Your instructions: Reproduce everything from the line that contains "has caused hypoplasia" down to the line that contains "To prepare the" in the listing below, word for word and nothing more. Leave the pictures out.

Top of Source material

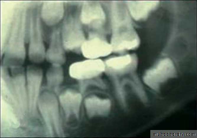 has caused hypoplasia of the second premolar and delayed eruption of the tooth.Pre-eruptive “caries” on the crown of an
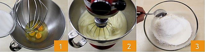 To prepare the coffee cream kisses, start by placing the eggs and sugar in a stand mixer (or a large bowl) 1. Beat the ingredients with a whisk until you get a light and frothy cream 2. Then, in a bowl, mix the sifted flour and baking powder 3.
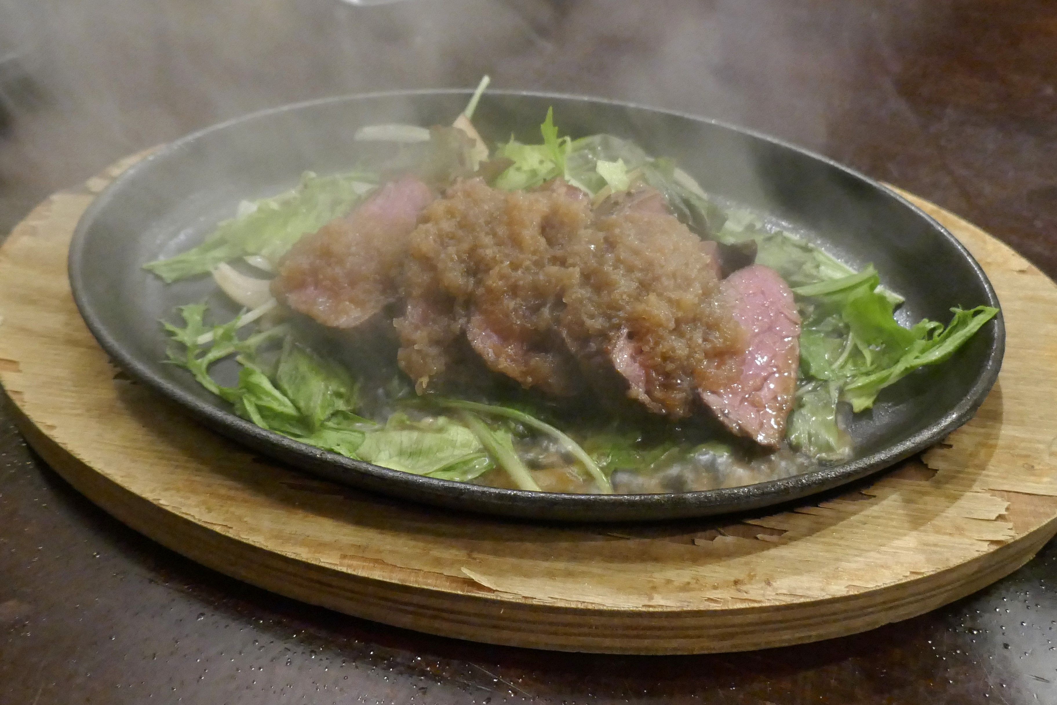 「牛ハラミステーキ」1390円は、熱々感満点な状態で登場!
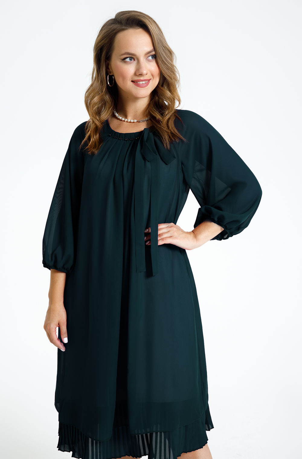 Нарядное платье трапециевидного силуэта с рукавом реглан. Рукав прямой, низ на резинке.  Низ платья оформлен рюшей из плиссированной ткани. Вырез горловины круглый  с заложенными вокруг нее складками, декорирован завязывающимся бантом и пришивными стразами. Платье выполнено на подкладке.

Bottom of Source material
Top of Source material

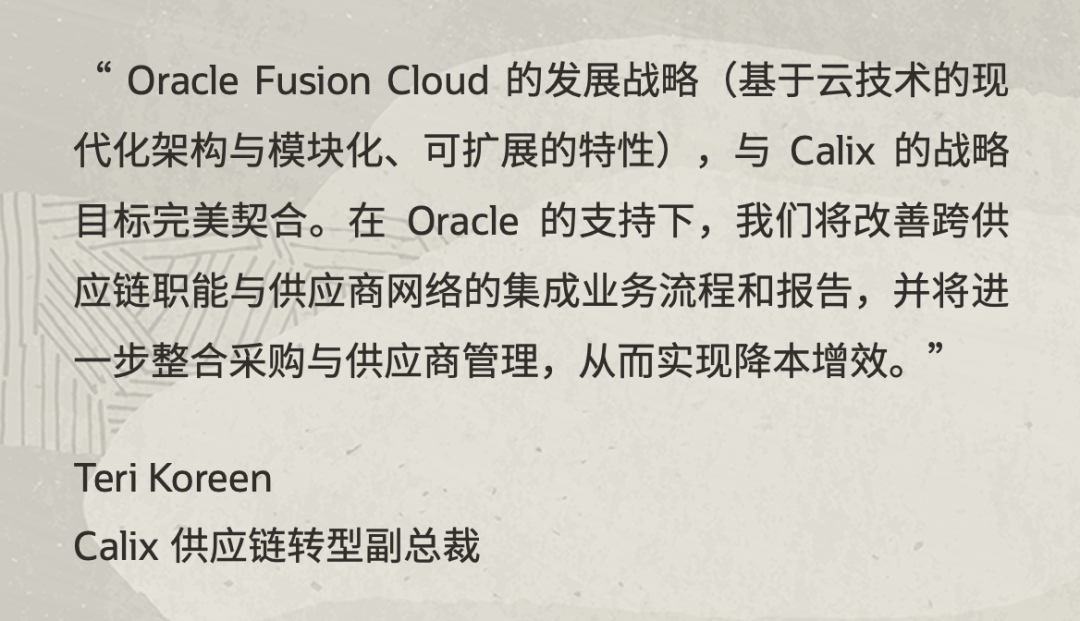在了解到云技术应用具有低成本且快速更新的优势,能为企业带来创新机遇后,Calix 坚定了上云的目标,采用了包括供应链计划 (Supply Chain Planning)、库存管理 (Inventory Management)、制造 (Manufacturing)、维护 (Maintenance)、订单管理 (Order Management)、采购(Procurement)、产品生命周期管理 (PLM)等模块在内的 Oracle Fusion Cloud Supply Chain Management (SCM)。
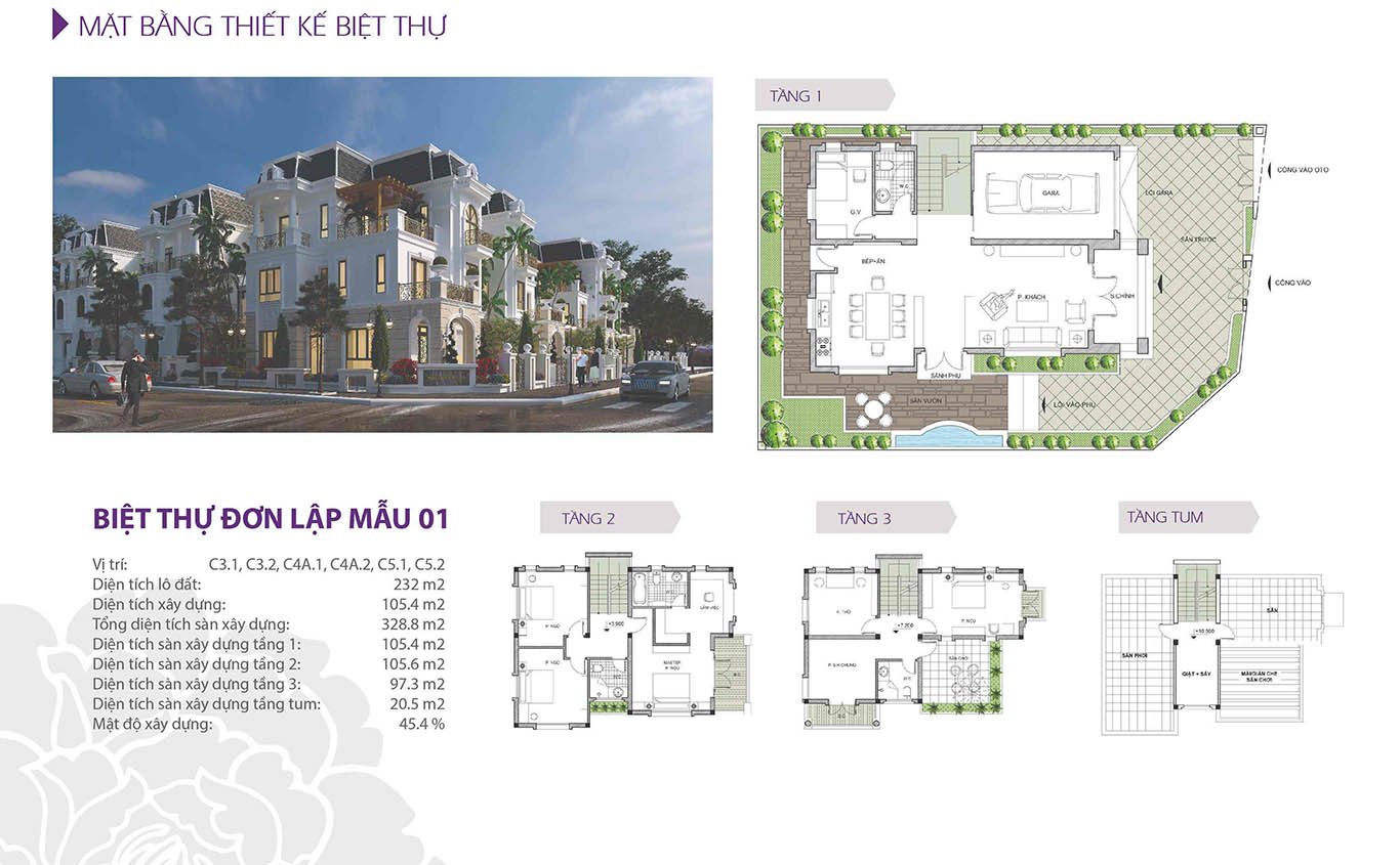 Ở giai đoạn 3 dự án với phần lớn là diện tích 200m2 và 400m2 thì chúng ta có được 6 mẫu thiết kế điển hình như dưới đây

Bottom of Source material

Task solution:
 has caused hypoplasia of the second premolar and delayed eruption of the tooth.Pre-eruptive “caries” on the crown of an
 To prepare the coffee cream kisses, start by placing the eggs and sugar in a stand mixer (or a large bowl) 1. Beat the ingredients with a whisk until you get a light and frothy cream 2. Then, in a bowl, mix the sifted flour and baking powder 3.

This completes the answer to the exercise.